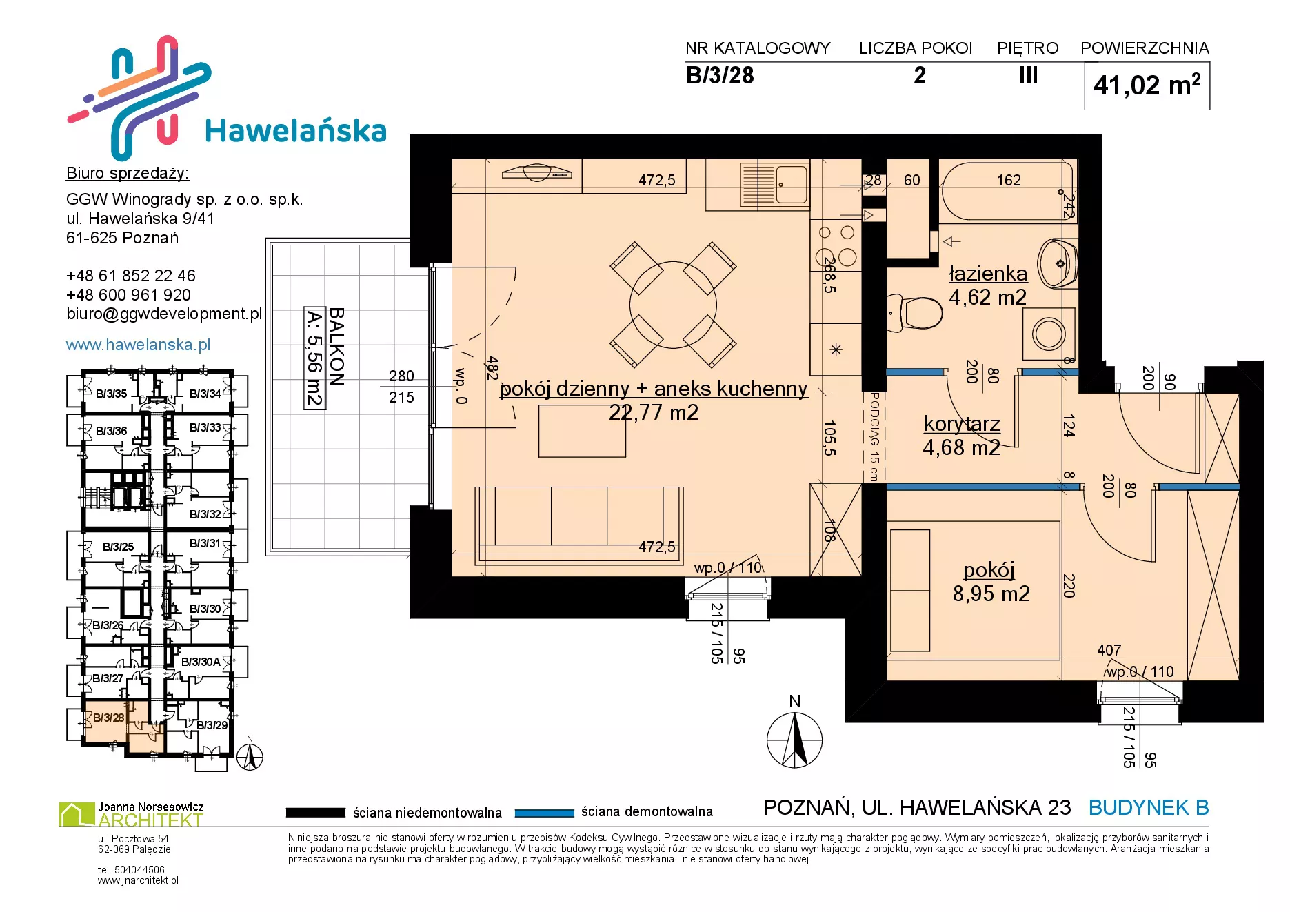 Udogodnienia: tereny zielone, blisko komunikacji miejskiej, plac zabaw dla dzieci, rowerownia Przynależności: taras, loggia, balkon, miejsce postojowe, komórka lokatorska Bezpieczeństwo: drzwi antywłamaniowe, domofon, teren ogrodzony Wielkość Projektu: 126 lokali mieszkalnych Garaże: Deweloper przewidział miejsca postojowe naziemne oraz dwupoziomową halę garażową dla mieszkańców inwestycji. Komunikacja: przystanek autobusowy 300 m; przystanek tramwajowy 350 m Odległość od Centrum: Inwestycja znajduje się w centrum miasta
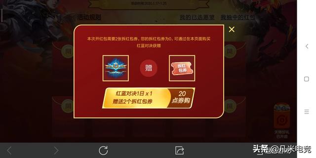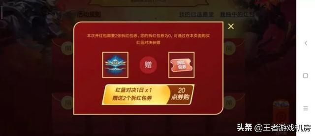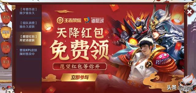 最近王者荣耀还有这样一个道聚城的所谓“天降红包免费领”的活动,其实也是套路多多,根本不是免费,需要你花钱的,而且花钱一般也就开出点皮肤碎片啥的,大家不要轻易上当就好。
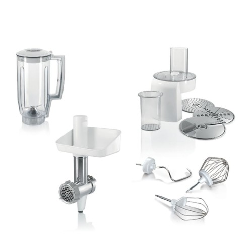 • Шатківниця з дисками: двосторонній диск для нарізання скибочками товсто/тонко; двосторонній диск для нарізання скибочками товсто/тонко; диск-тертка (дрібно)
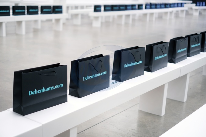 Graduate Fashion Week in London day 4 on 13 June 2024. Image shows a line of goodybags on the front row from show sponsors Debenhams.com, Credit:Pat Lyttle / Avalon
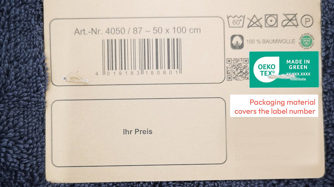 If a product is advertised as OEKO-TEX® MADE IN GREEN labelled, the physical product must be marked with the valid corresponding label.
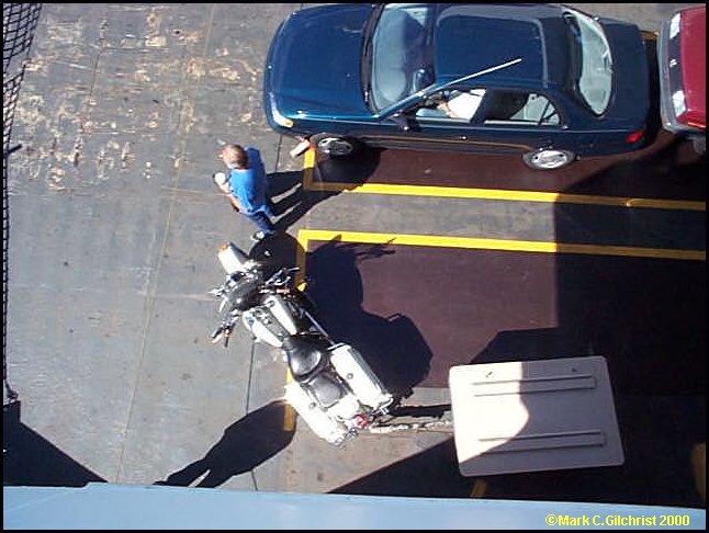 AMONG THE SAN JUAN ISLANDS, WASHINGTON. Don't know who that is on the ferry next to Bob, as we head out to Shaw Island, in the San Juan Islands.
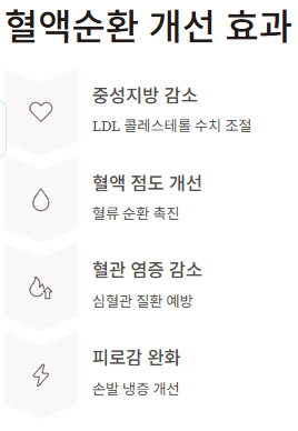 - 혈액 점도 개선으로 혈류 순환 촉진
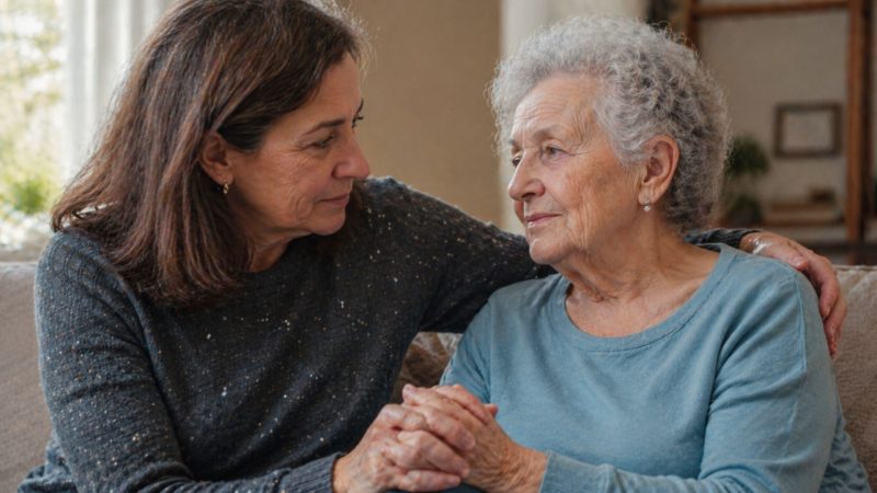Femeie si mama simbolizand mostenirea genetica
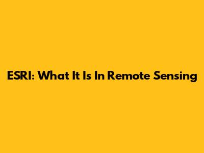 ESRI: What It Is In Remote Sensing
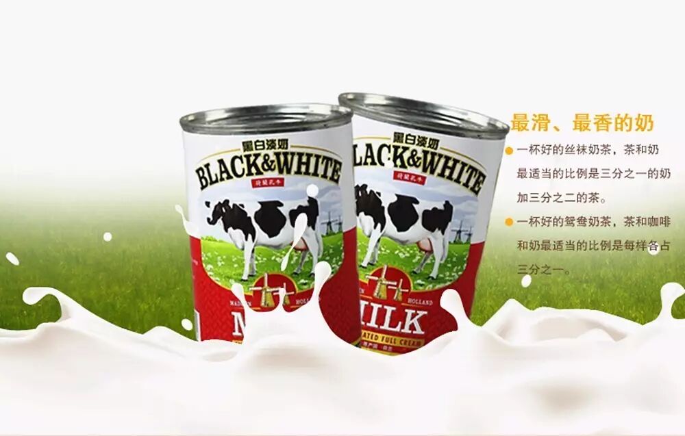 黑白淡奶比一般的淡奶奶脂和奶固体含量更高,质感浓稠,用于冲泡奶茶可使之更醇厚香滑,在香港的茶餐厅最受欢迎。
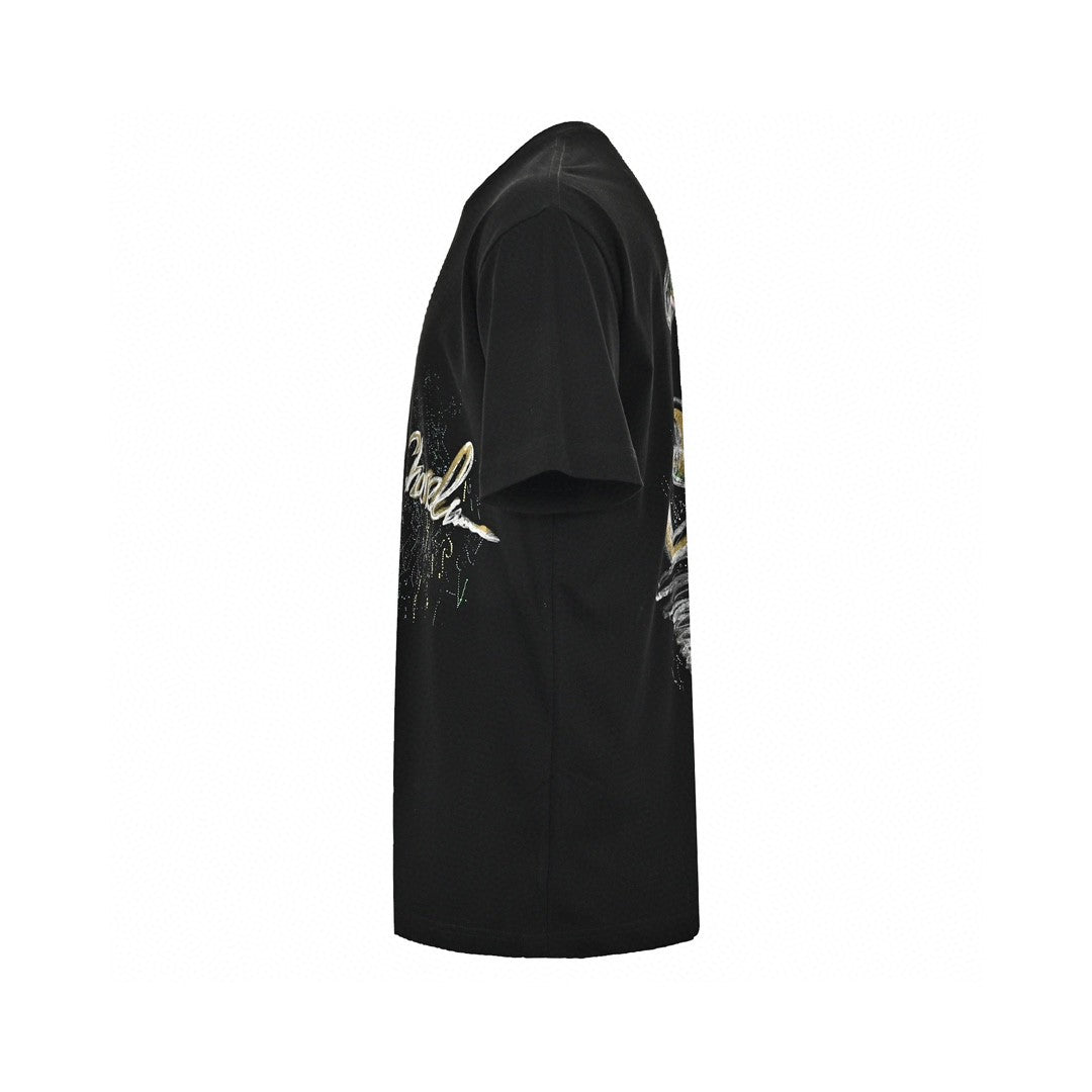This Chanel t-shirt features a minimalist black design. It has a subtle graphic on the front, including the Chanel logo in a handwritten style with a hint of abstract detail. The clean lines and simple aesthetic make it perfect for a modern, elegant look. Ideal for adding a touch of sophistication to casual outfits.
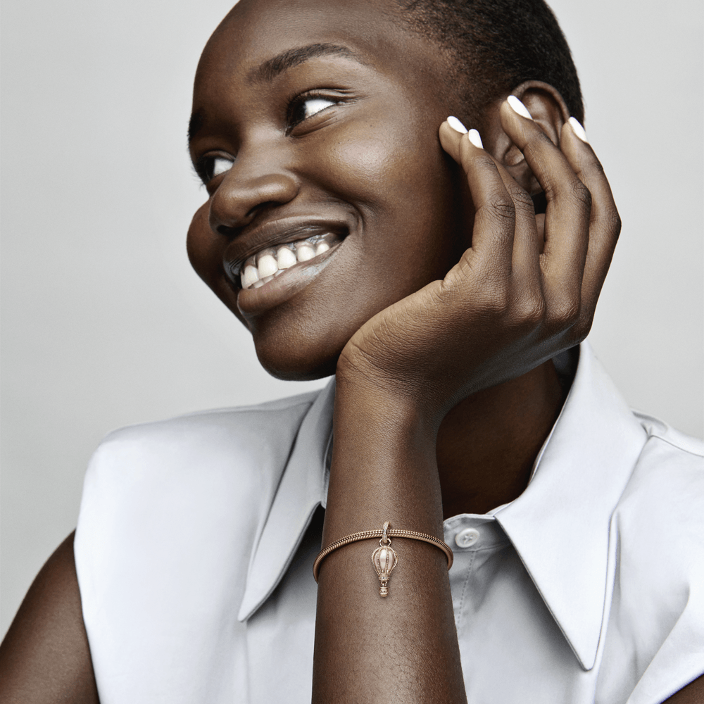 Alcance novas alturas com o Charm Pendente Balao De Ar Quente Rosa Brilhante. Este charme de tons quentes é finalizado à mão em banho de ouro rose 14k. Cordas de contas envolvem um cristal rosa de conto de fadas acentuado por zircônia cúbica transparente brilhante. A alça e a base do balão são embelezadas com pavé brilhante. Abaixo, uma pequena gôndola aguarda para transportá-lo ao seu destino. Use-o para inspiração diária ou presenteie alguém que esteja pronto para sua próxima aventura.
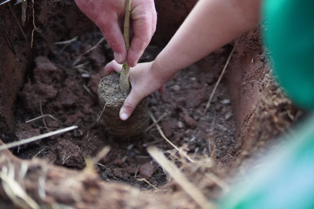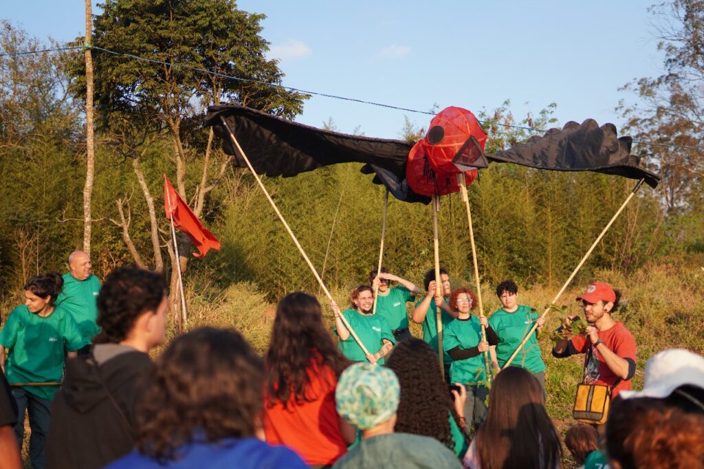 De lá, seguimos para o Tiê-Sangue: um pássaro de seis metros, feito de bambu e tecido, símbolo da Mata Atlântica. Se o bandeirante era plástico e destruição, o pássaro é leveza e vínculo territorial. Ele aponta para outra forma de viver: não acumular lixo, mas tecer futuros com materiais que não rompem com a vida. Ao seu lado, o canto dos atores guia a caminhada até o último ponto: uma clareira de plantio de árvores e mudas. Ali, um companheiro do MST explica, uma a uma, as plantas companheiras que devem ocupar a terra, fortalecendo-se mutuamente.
^^^^^^^^
WHAT THE TASK REQUIRES |
When you reach the line holding "最近王者荣耀还有这样一个道聚" in the listing above, begin retyping exactly, and stop once the line holding "Alcance novas alturas" is done; pictures stay out.

YOUR SOLUTION |
 最近王者荣耀还有这样一个道聚城的所谓“天降红包免费领”的活动,其实也是套路多多,根本不是免费,需要你花钱的,而且花钱一般也就开出点皮肤碎片啥的,大家不要轻易上当就好。
 • Шатківниця з дисками: двосторонній диск для нарізання скибочками товсто/тонко; двосторонній диск для нарізання скибочками товсто/тонко; диск-тертка (дрібно)
 Graduate Fashion Week in London day 4 on 13 June 2024. Image shows a line of goodybags on the front row from show sponsors Debenhams.com, Credit:Pat Lyttle / Avalon
 If a product is advertised as OEKO-TEX® MADE IN GREEN labelled, the physical product must be marked with the valid corresponding label.
 AMONG THE SAN JUAN ISLANDS, WASHINGTON. Don't know who that is on the ferry next to Bob, as we head out to Shaw Island, in the San Juan Islands.
 - 혈액 점도 개선으로 혈류 순환 촉진
Femeie si mama simbolizand mostenirea genetica
 ESRI: What It Is In Remote Sensing
 黑白淡奶比一般的淡奶奶脂和奶固体含量更高,质感浓稠,用于冲泡奶茶可使之更醇厚香滑,在香港的茶餐厅最受欢迎。
This Chanel t-shirt features a minimalist black design. It has a subtle graphic on the front, including the Chanel logo in a handwritten style with a hint of abstract detail. The clean lines and simple aesthetic make it perfect for a modern, elegant look. Ideal for adding a touch of sophistication to casual outfits.
 Alcance novas alturas com o Charm Pendente Balao De Ar Quente Rosa Brilhante. Este charme de tons quentes é finalizado à mão em banho de ouro rose 14k. Cordas de contas envolvem um cristal rosa de conto de fadas acentuado por zircônia cúbica transparente brilhante. A alça e a base do balão são embelezadas com pavé brilhante. Abaixo, uma pequena gôndola aguarda para transportá-lo ao seu destino. Use-o para inspiração diária ou presenteie alguém que esteja pronto para sua próxima aventura.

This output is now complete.